START MATERIAL PROVIDED
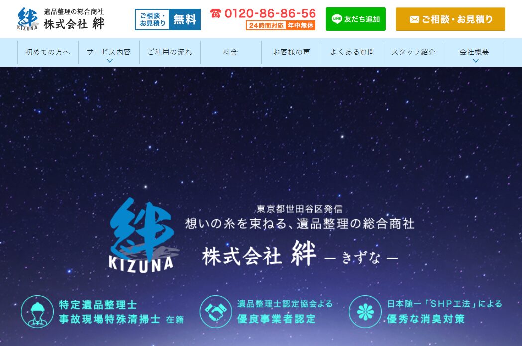 高性能な除菌消臭剤「ハイパーフレッシュ」を使用して、徹底的に清掃を行う点が強みです。また、遺品整理も同時に依頼できるため、清掃後の片付けに悩む必要がありません。
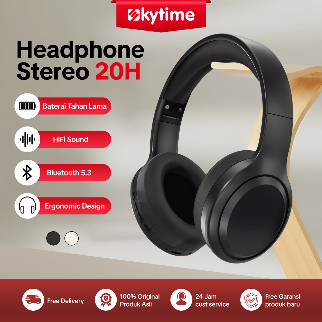 Skytime TH20 Headphone Bluetooth 5.3 Dual HIFI Stereo Bass Wireless Earphone Gaming Headset With Microphone Low Latency
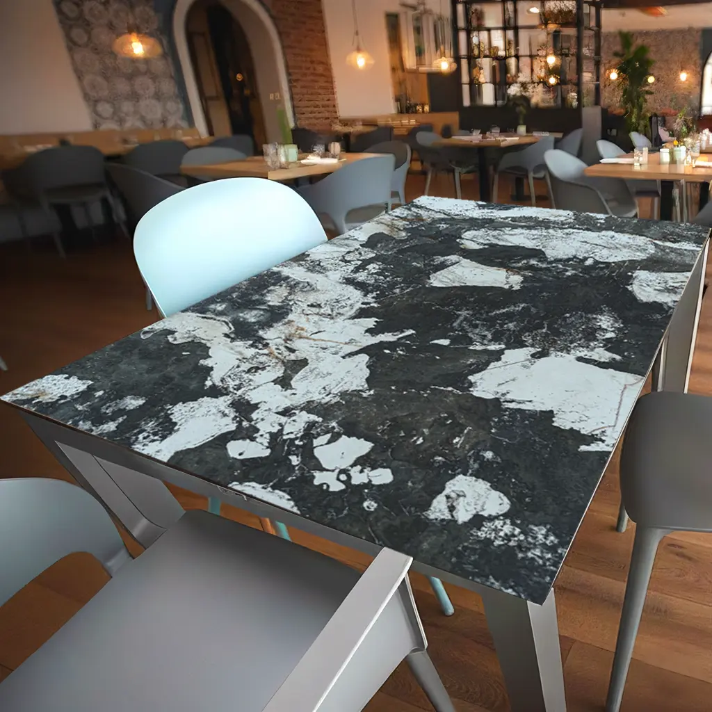 Die ausbalancierte Marble‑Optik setzt moderne Akzente in Küchen, Offices und Hotellerie, ohne Pflegeaufwand zu erhöhen. Die robuste HPL‑Oberfläche überzeugt durch Beständigkeit gegen Feuchtigkeit und Hitze, einfache Reinigung und hohe Schlag‑ sowie Kratzfestigkeit – perfekt für Hotel‑ und Lobbybereiche, Bildungsinstitutionen, Office‑Partitionen und andere stark frequentierte Zonen.
END MATERIAL PROVIDED
WHAT TO DO:
Restate word for word the lines from the one containing "Skytime TH20 Headphone" through the end of the material above, both included, and nothing besides; drop the pictures.

EXERCISE ANSWER:
 Skytime TH20 Headphone Bluetooth 5.3 Dual HIFI Stereo Bass Wireless Earphone Gaming Headset With Microphone Low Latency
 Die ausbalancierte Marble‑Optik setzt moderne Akzente in Küchen, Offices und Hotellerie, ohne Pflegeaufwand zu erhöhen. Die robuste HPL‑Oberfläche überzeugt durch Beständigkeit gegen Feuchtigkeit und Hitze, einfache Reinigung und hohe Schlag‑ sowie Kratzfestigkeit – perfekt für Hotel‑ und Lobbybereiche, Bildungsinstitutionen, Office‑Partitionen und andere stark frequentierte Zonen.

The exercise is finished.